1. Webb - South Ridge Class 2 scramble. Approach via Radium Lake trail, then gain the Webb-MacDonald col, one hour further on from the lake. From the col, continue up nice granitic scrambling, some "hard class 2" involved (6 foot high walls with tree pulling required) to the spacious summit, about 1 more hour up from the col, which sports a huge cairn and great views of all the peaks around Chilliwack Lake. The route is somewhat reminiscent of the standard route on Needle Peak.
2. Northwest Ridge Class 3. A pleasant scramble on sound rock. Ascend from Radium Lake through forest strip between avalanche swathes to objective ridge. Continue directly to summit.

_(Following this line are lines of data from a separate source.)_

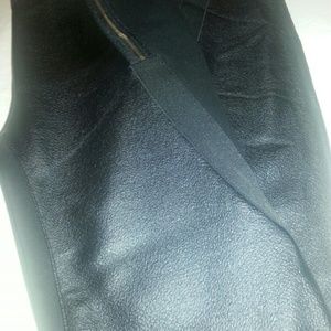 Black Faux leather pants  with knit material on sides and back also have a little slit on the side of each leg at bottom six small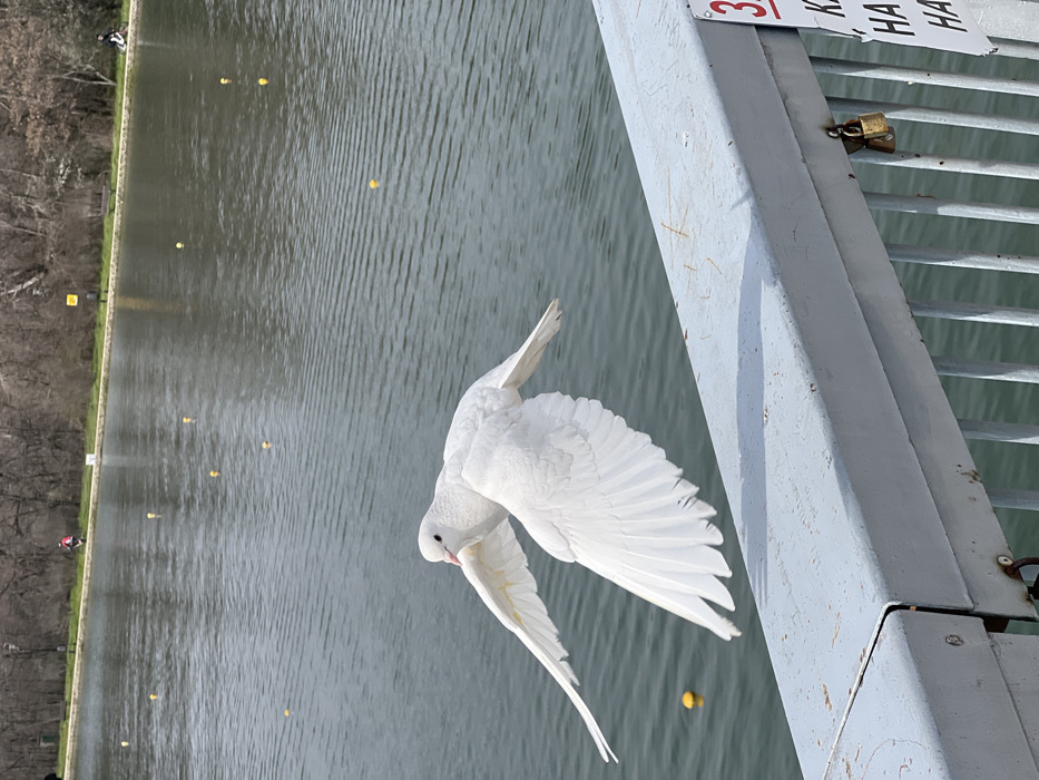 - "The image captures a pure white dove in mid-flight over the Plovdiv Rowing Canal in Plovdiv, Bulgaria" by FM-1zQu63, licensed under CC BY 4.0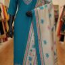 The ensemble is completed with a pair of solid teal blue trousers that are tailored for a relaxed and comfortable fit, ensuring all-day wearability. What truly elevates this outfit is the breathtaking floral printed dupatta. Made from a sheer, lightweight fabric, the dupatta features a bold and artistic print with large floral motifs in a beautiful mix of colors, including soft pinks, yellows, and blues. The borders of the dupatta have a distinct, intricately woven pattern in a contrasting color, creating a striking visual and adding a touch of sophistication. This suit set is a masterpiece that combines traditional elements with a modern aesthetic, making it a must-have for your ethnic wear collection.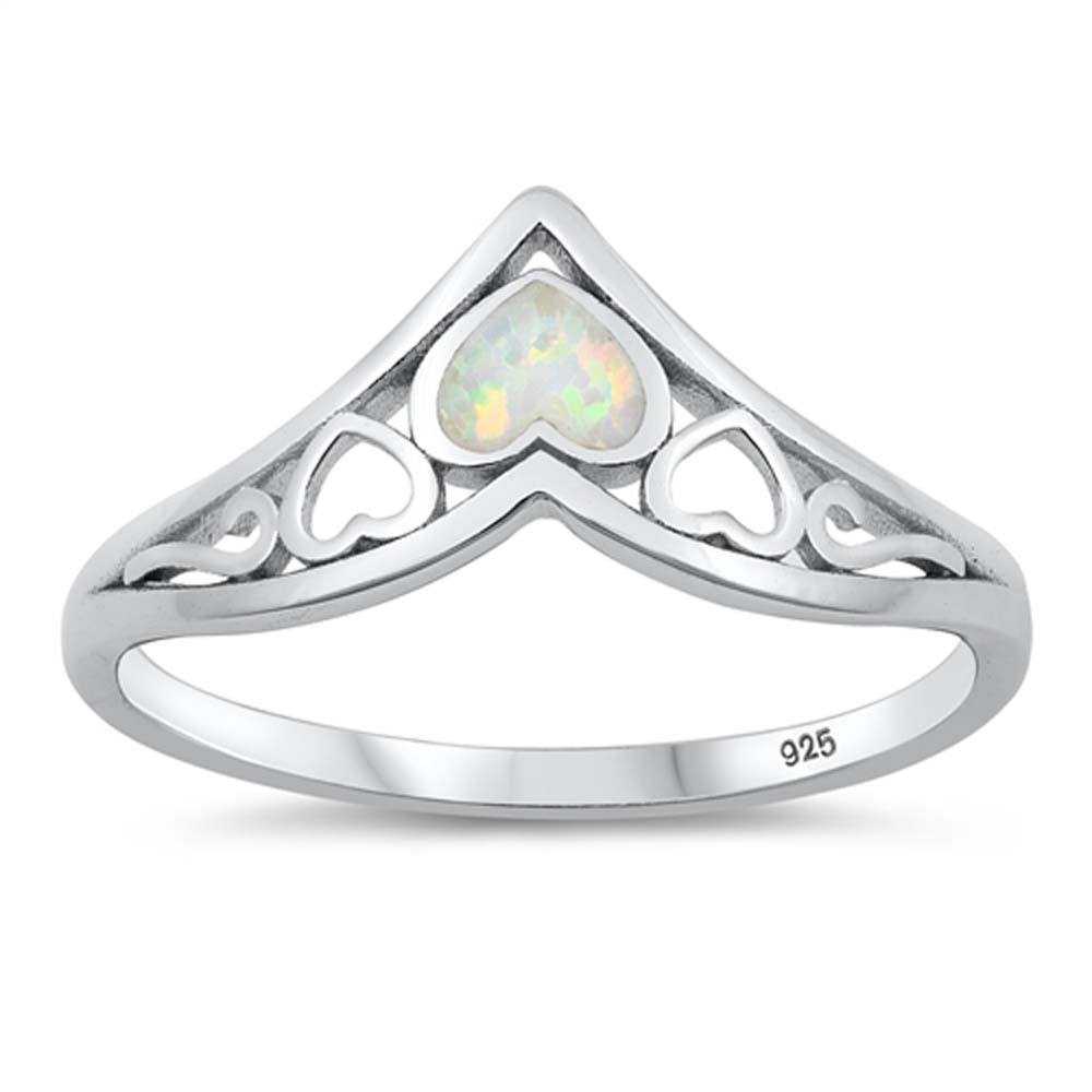 Wholesale Sterling Silver White Lab Opal Hearts Ring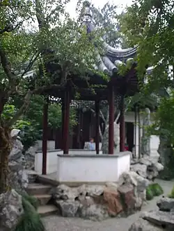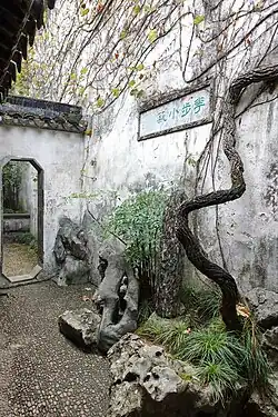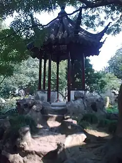 The 23,310 m2 garden is divided into four distinctly themed sections; East, Central, West, and North.[4] The Central area is the oldest part of the garden. Buildings, the primary feature of any Chinese garden, occupy one third of the total area. A unique feature of this garden is the 700m of covered walkway which connects them.[4] The built elements of the garden are grouped by section.[5] The ensemble of structures in the central garden encircles a pond and grotto main feature. The grotto is constructed of yellowstone granite and was created by the noted artist Zhou Binzhong. The eastern section of the garden is arrayed around the cloud-capped peak stone. A central courtyard is ringed by buildings. Behind the Old Hermit Scholars' House is the Small Court of Stone Forest, a collection of Scholar stones and connected minor courtyards. The western section is mostly natural, containing only a few pavilions, a large artificial hill, and a Penzai garden.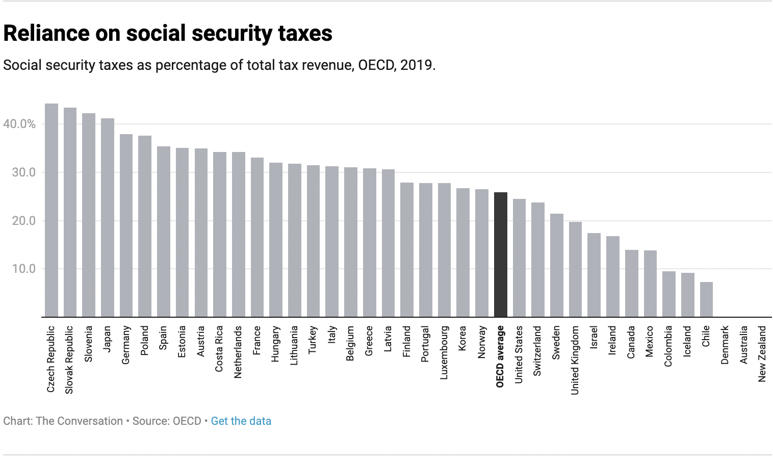 Australia, New Zealand and Denmark fund social security from general government revenue. The other 35 OECD nations levy specific taxes on employers and employees to fund social security systems (unemployment support, age and disability pensions etc)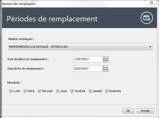 Une fois votre remplaçant créé, vous avez la possibilité de déclarer des sessions de remplacement.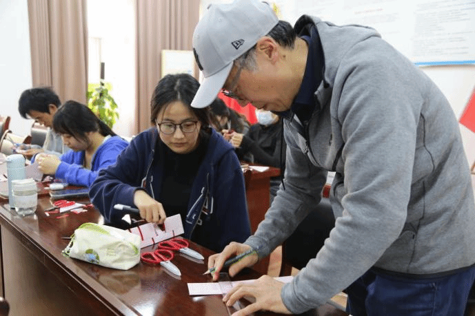 周康乐老师先介绍了剪纸艺术的诞生过程,然后分别讲述了传统剪纸与现代剪纸的发展历史与文化内涵,比较了传统剪纸与现代剪纸的异同,强调了现代剪纸的艺术性转变。接着周康乐老师介绍了10位在我国现代剪纸艺术领域具有代表性的剪纸艺术大师的作品,并分享了自己近年来创作的优秀获奖作品。最后,在互动环节周老师带着同学门亲手体验了剪纸艺术的魅力。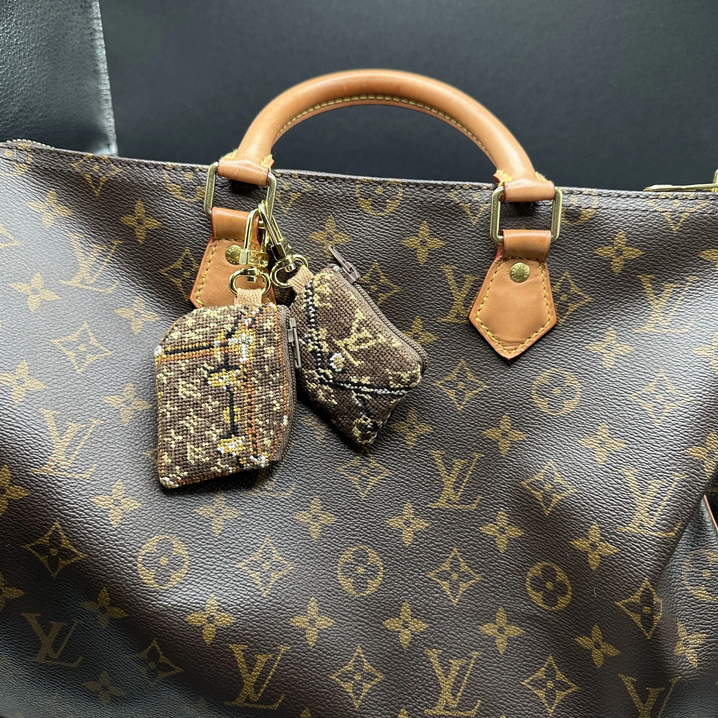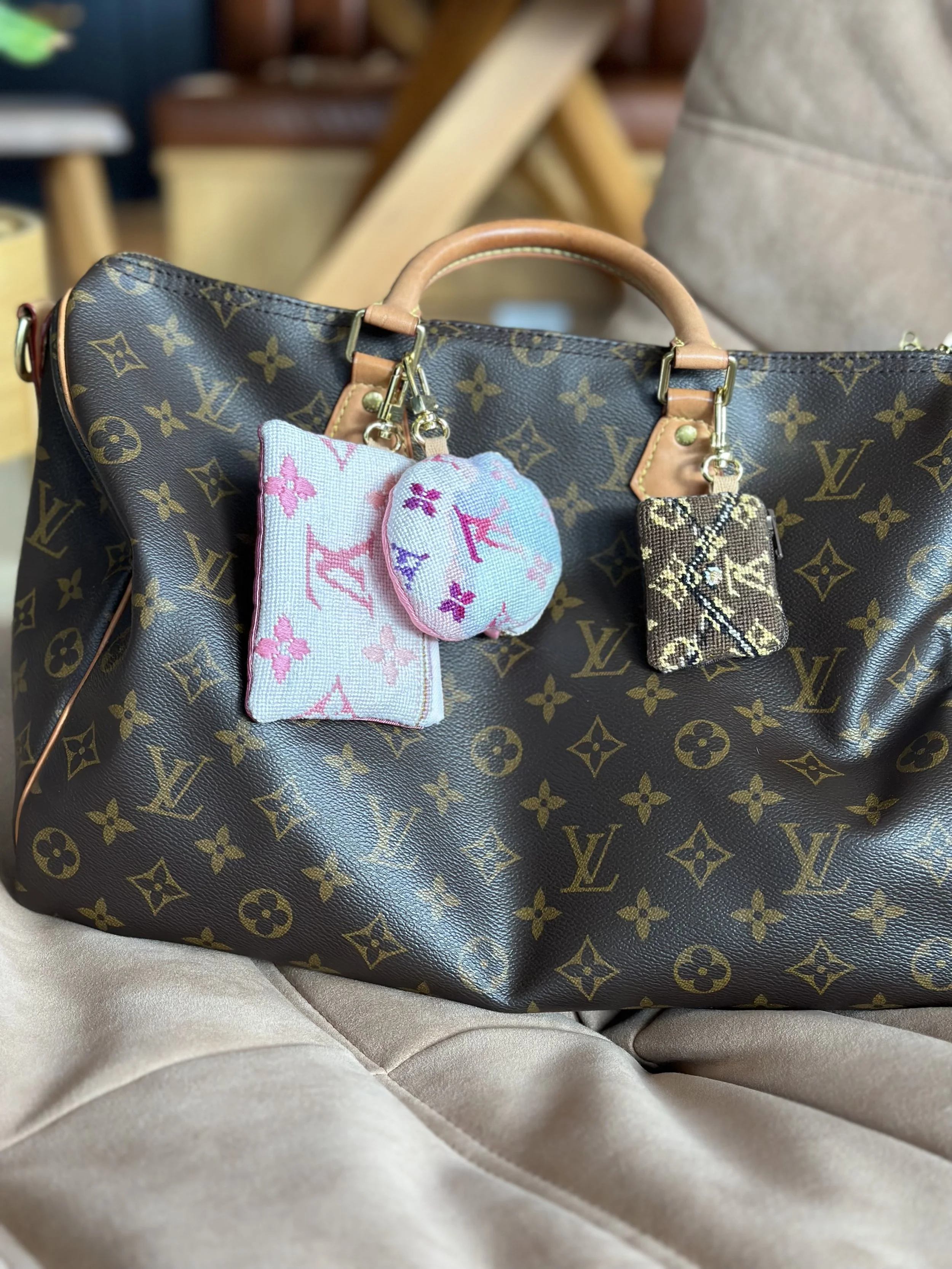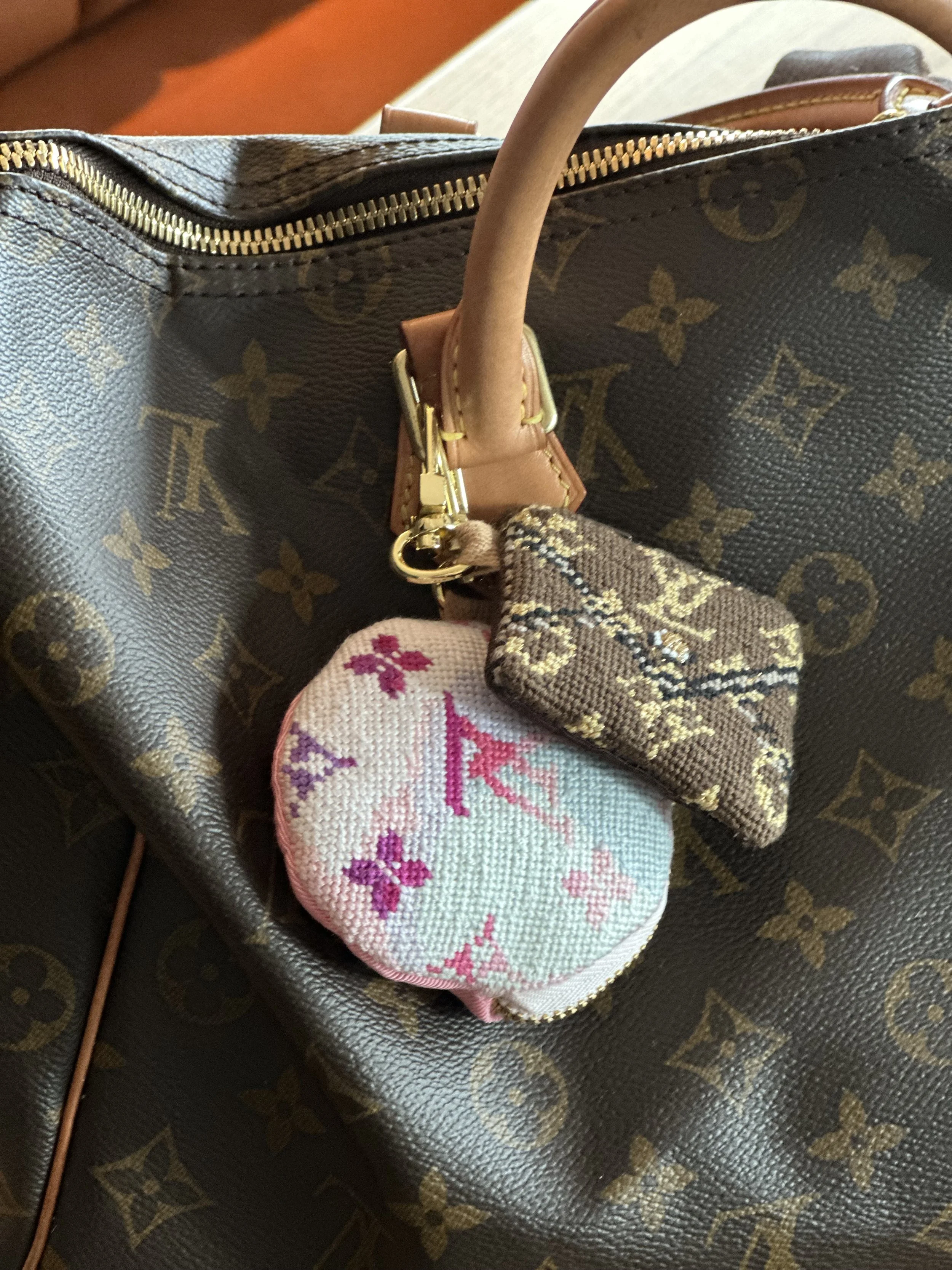These make the cutest bag charms or key fobs finished with a zipper and a clip - a place to store your keys, ear buds, lipstick and mirror, extra needlepoint needles, scissors and threaders…anything you can dream of you can stash in these! There are so many fun places to hang these cuties from but they can also make perfect ornaments or door hangs for the luxury handbag lover in your life or a gift to yourself!

3. West face (1984) A. Ourom, K. Haberl. 5th class. Climb 4 or 5 pitches somewhere on the west face. Infrequently repeated, and more than somewhat bushy.
4. NE face (The Digestive System) (1997) D. Brayshaw, C. Fleet, E. Hutton, D. Wilm . 5.10b or 5.10+. A line up the vague NE buttress or rib of Webb. Approach via notch in NW ridge, descend below N face and traverse to objective. Two variations exist to the first pitch, 10b cracks on the left, 10+ roofs on the right. Climb two more pitches moving up and right to cross the arete (5.7, 5.9R); three low quality pitches of mixed heather and rock (to 5.6) complete the route to the upper NE ridge which is scrambled to the summit.